Я напомнил себе, что опасно заводить любимчиков среди студентов. Но учить Марию было все равно что бросать горящие спички в нефть, а остальных – все равно что пытаться развести костер из сырых дров. Жаль, что Корниш забирает у меня столько энергии.
Еще и потому жаль, что меня сильно захватила идея «Нового Обри». Слова Эллермана заронили мне в душу искру, и я хотел раздуть ее в пламя.
Непритязательные заметки о разных мелочах из жизни наших ученых современников – вот что он предложил. Но с чего начать? Найти в университетах эксцентричных ученых – проще простого, если под эксцентриком понимать человека, склонного к чудачествам. Но подлинный эксцентрик – тот, кто стоит в стороне от модных наук своего века, и, быть может, зачинатель новых наук будущего – более редкая птица. Они редко пользуются популярностью, потому что черпают силы из источника, непонятного современникам. У меня были причины считать таким человеком Холлиера; нужно воспользоваться особой возможностью, предоставленной Корнишем, и изучить Холлиера как следует. Но меня привлекали люди, чья эксцентричность была более зрелищной, психус академикус, как называли их студенты; я обожаю шарлатанов. А в лице Эркхарта Маквариша мне представился прекрасный экземпляр шарлатана.
Нельзя сказать, что он не ученый. У него хорошая репутация специалиста по Ренессансу. Но он нескромен; насколько я знаю, он единственный человек в научном мире, имеющий наглость именовать себя «великим ученым». Когда-то он руководил Центром исследований Ренессанса, и одно время даже казалось, что он выдвинет центр на видное место в мировой науке. Маквариш заманивал к себе способных студентов, но его не интересовали их попытки встать на собственные ноги; он использовал их как высококвалифицированных помощников, и они поняли, что возможности защититься у них не будет. Когда они предъявили Макваришу претензии, он заявил, что любой, кто с ним работал, может получить любую научную должность где угодно в силу одного этого факта. Им не понадобится никакая диссертация, и вообще дурацкие докторские степени каждый год присваиваются патентованным глупцам. Звание ученика Маквариша – гораздо лучше любой ученой степени. Но студенты не поверили ему по самой веской причине: потому что он врал. Так что Эрки сняли с должности, но университету это дорого обошлось: Эрки перешел в небольшую высокооплачиваемую группу заслуженных профессоров, слишком великих, чтобы заниматься административной работой. Увольнение методом ударной возгонки.

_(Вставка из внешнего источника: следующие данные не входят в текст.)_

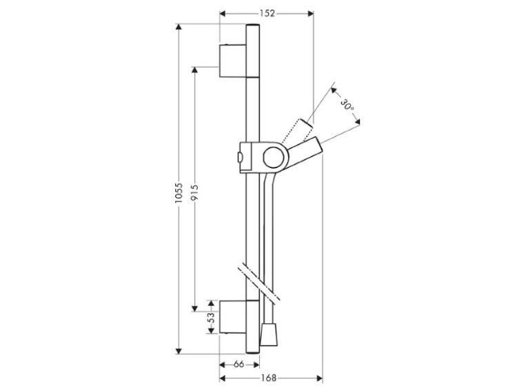 Штанга для душа, Hansgrohe, Axor Uno, длина штанги, мм-900, держатель ручного душа-есть, шланг-есть, длина шланга, мм-1600, тип душевой штанги-труба из ихромированной латуни, ширина штанги,мм-22, полностью хромированный держатель душа из металла, держатель с плавной регулировкой, хромированные настенные крепления из металла, цвет-хром Штанга для душа, Hansgrohe, Axor Uno, длина штанги, мм-900, цвет-хром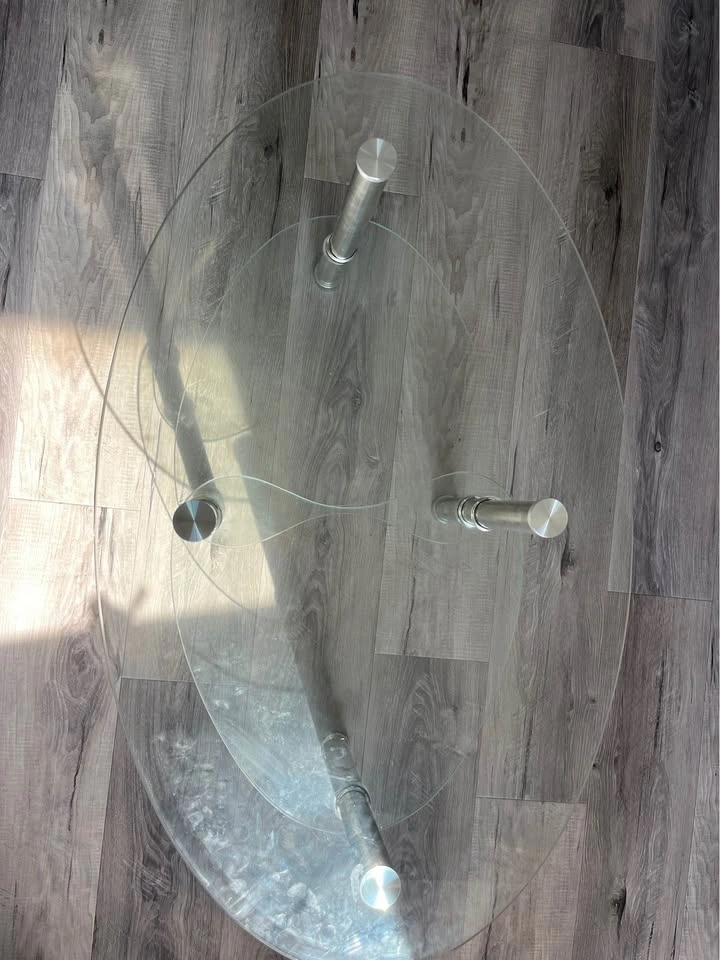 Selling a sleek modern 3-tier oval glass coffee table with chrome/stainless steel post legs. A classic, elegant piece that suits any living room or condo!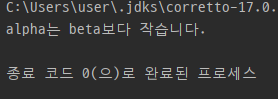 System.out.println("alpha가 beta보다 큽니다.");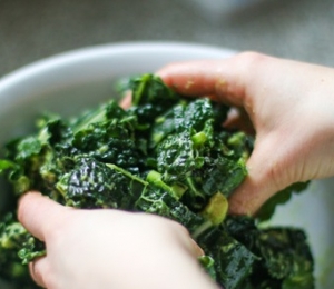 Tot ce trebuie să faci este să pui două-trei căni de frunze de kale într-un bol, apoi să presari o lingură de ulei de măsline, zeama de la o lămâie şi sare după gust, iar apoi să masezi cu mişcări delicate frunzele.

Если университет захочет уволить профессора с постоянной должности, будет страшный скандал. Научные деятели обожают собачиться между собой, но терпеть не могут скандалов. Всеобщее мнение сошлось на том, что единственный способ избавиться от Эрки – убить его. Возможно, декан и тешил себя какими-то планами в этом направлении, но точно не хотел, чтобы его поймали. В общем и целом Эрки не был плохим ученым. Он просто был невыносим, а это почему-то не считается уважительной причиной для убийства. Так что Эрки занял пост заслуженного профессора – с необременительными обязанностями, преданной секретаршей и немногими студентами.
Но его это не удовлетворило. Он обиделся на университет и, как сам выражался, «затаил на него зуб». Свою злобу он высказывал в своеобычной шутливой манере горстке своих любимчиков, или, как их еще называют студенты, прихвостней. Я слыхал, как некоторые из них поливают грязью Корниша и его завещание. «Миллион долларов! – презрительно говорили они. – Что такое в наши дни доход с миллиона долларов – оклад для парочки посредственных профессоров, как будто университету не хватает посредственностей». Нетрудно было догадаться, откуда это идет. Да, обязательно надо вставить Маквариша в книгу.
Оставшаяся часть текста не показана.